Baksei Chamkrong is a small temple just outside Angkor Thom near the south gate. This 10th century temple was built in a pyramid style with a single tower.

The name translates into English as “the bird that shelters under its wings” from a Khmer story that the king was protected by a large bird.

The tower isn’t very tall, but the narrowing stairs and incrementally smaller tiers make it look taller than it actually is.

Baksei Chamkrong is often rarely visited. Visitors that do visit the temple, stop for a quick look on their way to the bigger temples inside Angkor Thom.

Temple Facts

Date:

968 AD (10th Century)

Religion:

Hinduism

Built By:

Harshavarman I started construction. It was completed by Rajendravarman II.

Dedicated To:

Shiva

Style:

Khmer

Best Time to Visit:

Anytime

Length of Visit:

15 - 30 minutes

Temple Pass:

Required

More information about the Angkor Temple Pass.

Baksei Chamkrong Temple Guide

Location

Baksei Chamkrong temple is located less than 100m from the South Gate of Angkor Thom. It’s only about 150m from Phnom Bakheng. It’s a little away from the road, but can still be seen as you drive past it. The temple is also less than 2km away from Ta Prohm.

Getting There

As Baksei Chamkrong is nearby to Angkor Thom and Angkor Wat most visitors will stop by along the way to other temples. To get here, just follow the road north from Angkor Wat and stop just before the moat at Angkor Thom which leads to the South Gate.

Coordinates

13.4253683, 103.8568564

Distances

Siem Reap: 8.5km

Angkor Wat: 1.4km

Angkor Thom: 1.7km

Ta Prohm: 6.6km

Tours

As this is a relatively small temple, you probably won’t spend much time here. Instead, you’re likely to enjoy the temple as part of a larger tour. It could be incorporated into the Small Circuit Angkor Tour or even the Grand Circuit Tour. There are also other itineraries which feature temples in and around Angkor Thom.

Ask your guide or driver to stop along the way. It’s likely that you’ll only spend 15-30 minutes exploring this temple.

If you’re cycling on your tour, you might want to stop for a breather and escape the hot sun before continuing your journey into Angkor Thom. Many tours bypass this temple, so if you’re with a tour group on a shared tour, you might not get to see it.

Accommodation

You’ll find plenty of places to stay in Siem Reap town which will suit all budgets and styles. There are small guest houses to large 5 star resorts and everything in between.

Why Visit Baksei Chamkrong?

Baksei Chamkrong is much quieter than other temples in the region and this gives you a great opportunity to explore in peace. You can take a look around, get some photos and relax without thousands of other people around you.

History

Baksei Chamkrong Temple was completed in 968 AD by King Rajendravarman II. King Harshavarman I started construction of the temple and dedicated it to his father Yasovarman. It was also dedicated to the Hindu god Shiva.

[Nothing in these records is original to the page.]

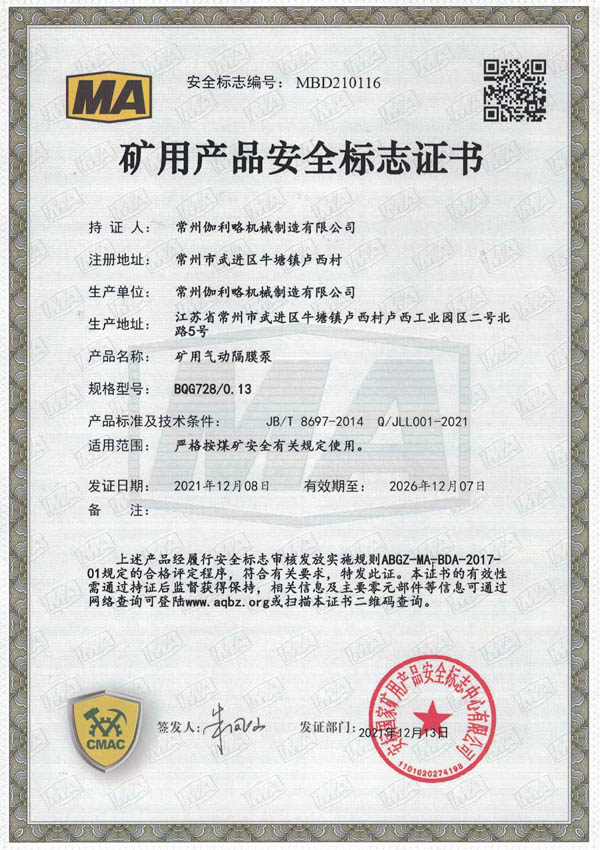 • 礦用安全標志證書-BQG728/0.13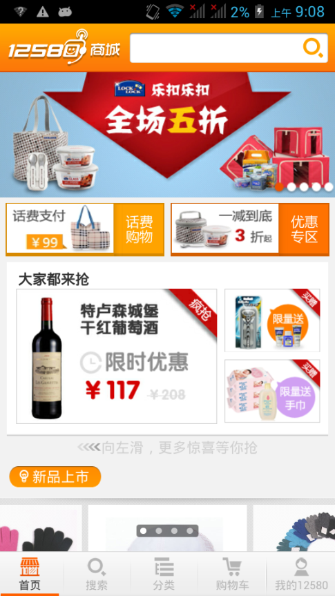 客户端导航模块:首页、搜索、分类、购物车、我的12580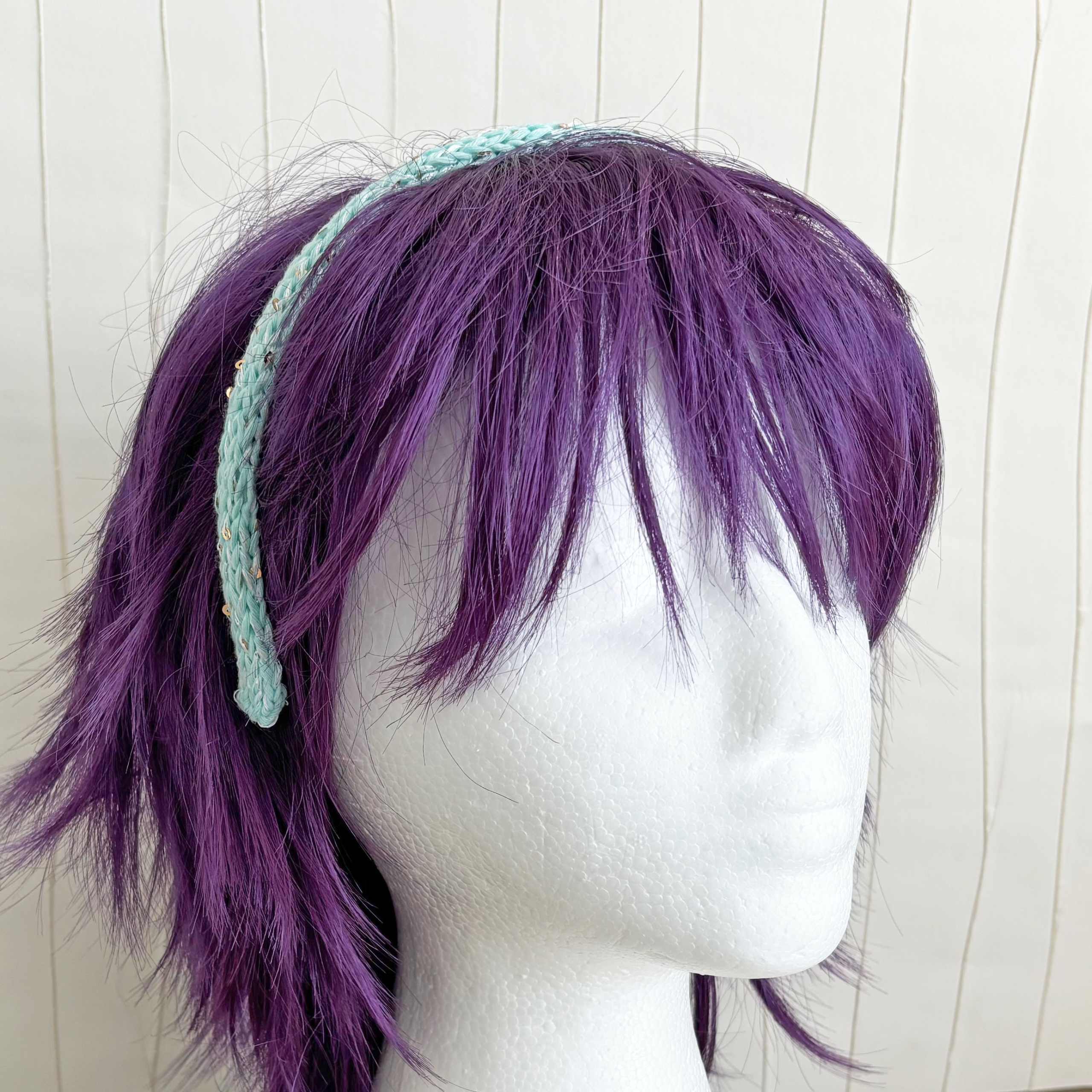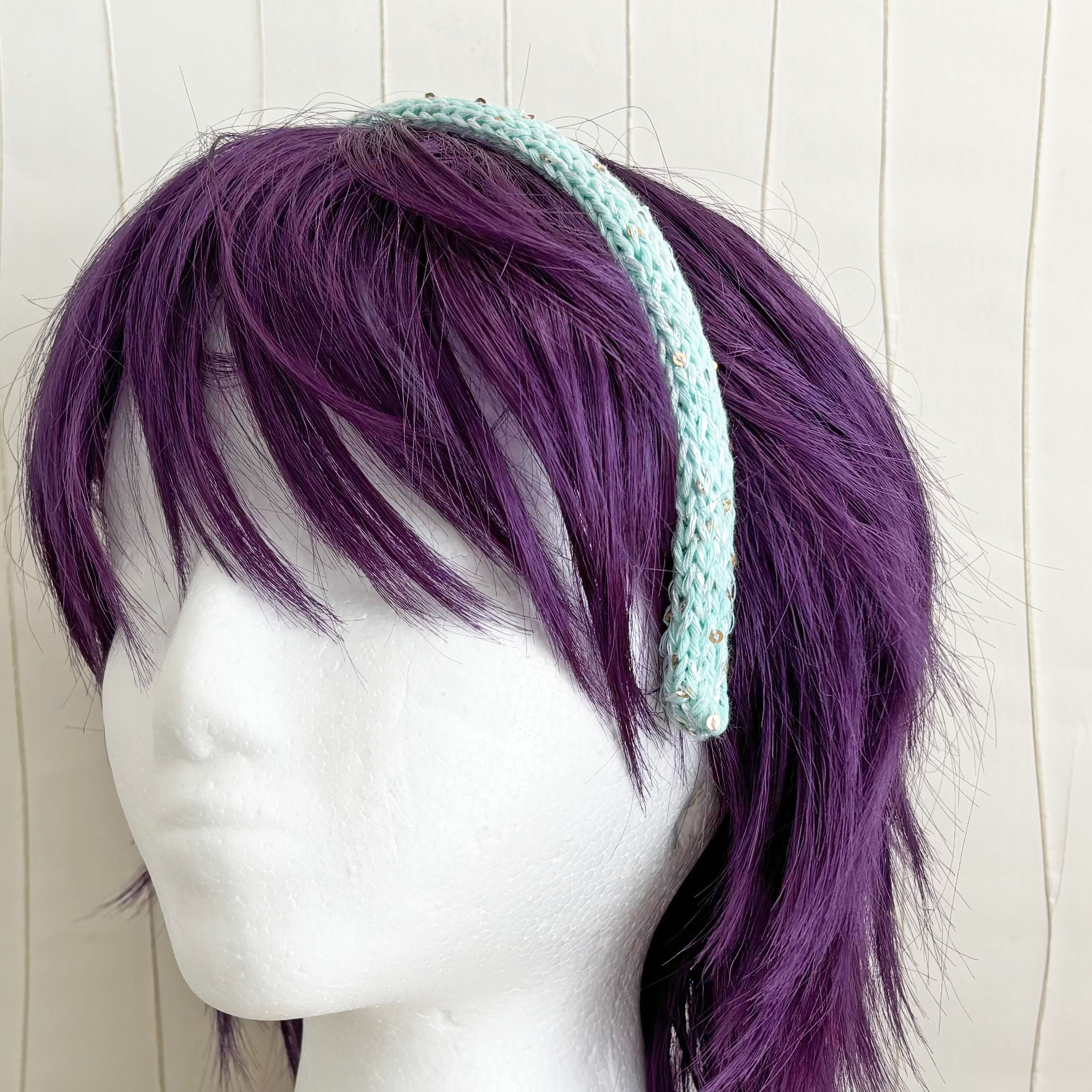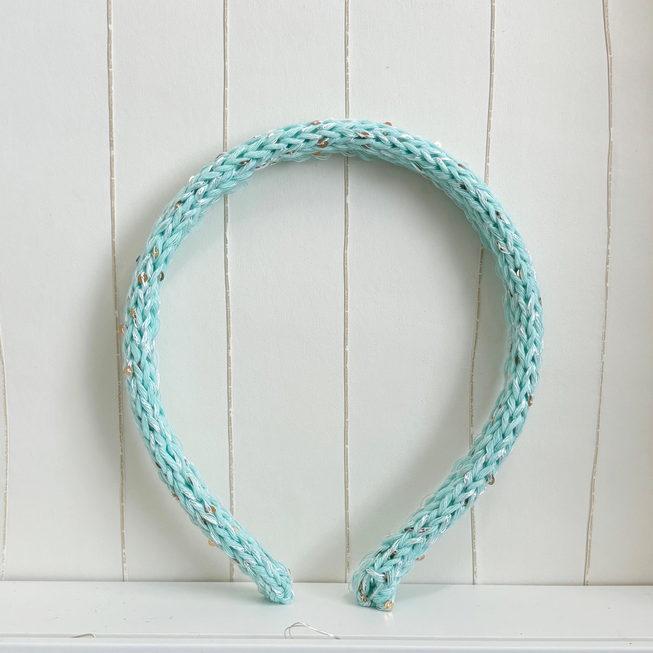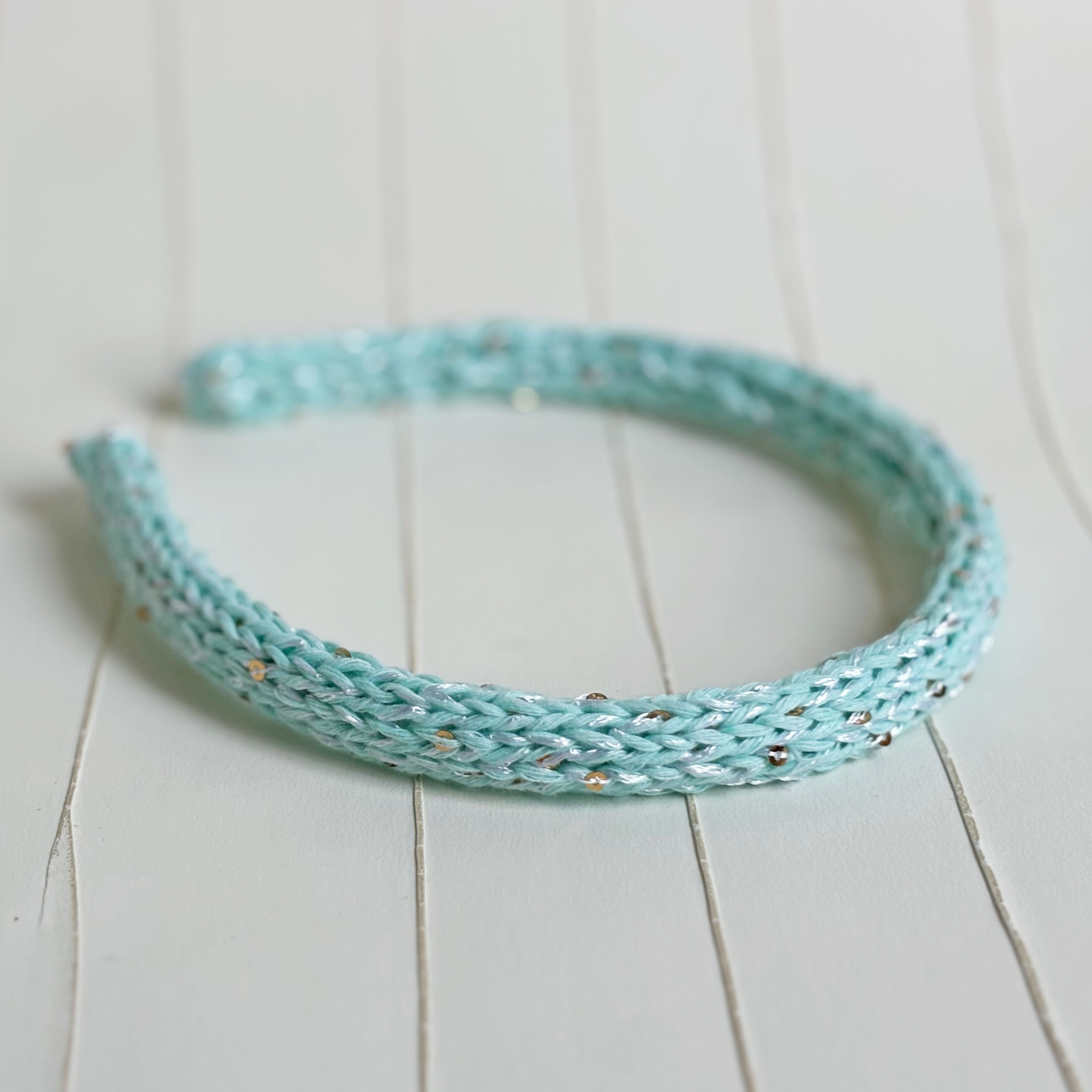 - Schmaler Haarreifen mit gestricktem Bezug aus mintgrüner Baumwolle mit kleinen silbernen Pailletten, Handarbeit als Icord gestrickt

The legend of the temple is that a huge bird came and sheltered the king under his wings during a battle. The name literally translates as “The Bird Who Shelters Under Its Wings”.

Other than this, not much is known about the temple.

Layout and Design

Prasat Baksei Chamkrong looks larger than life due to building techniques implemented. The design features help the temple to look taller than the 15m it actually is.

The steps were narrowed at the top to give a perspective of height. Also, each of the four tiers are smaller than the one below it. Again, this adds to the perception that the temple is higher than its real height.

The temple was one of the first to be built using laterite and bricks with sandstone decoration. Much of the structure has long since disappeared. There would have been a brick enclosure with an entrance building (gopura) on the east of the temple.

The temple was originally “protected” by stone lions. However, there is only a single lion which remains today.

At the top there is a tower with a door which opens to the east.

There are carvings of Indra and a three-headed elephant called Airavata which can still be seen today. There are also inscriptions which refer to the early Khmer kings as legends including the popular Jayavarman II. There are also stories of a large golden statue of Shiva which was dedicated in 948 AD.

A reclining Buddha image was added at a later date. Although the exact date is unknown, it might have been added during the 12th century as Cambodia transitioned into a Buddhism.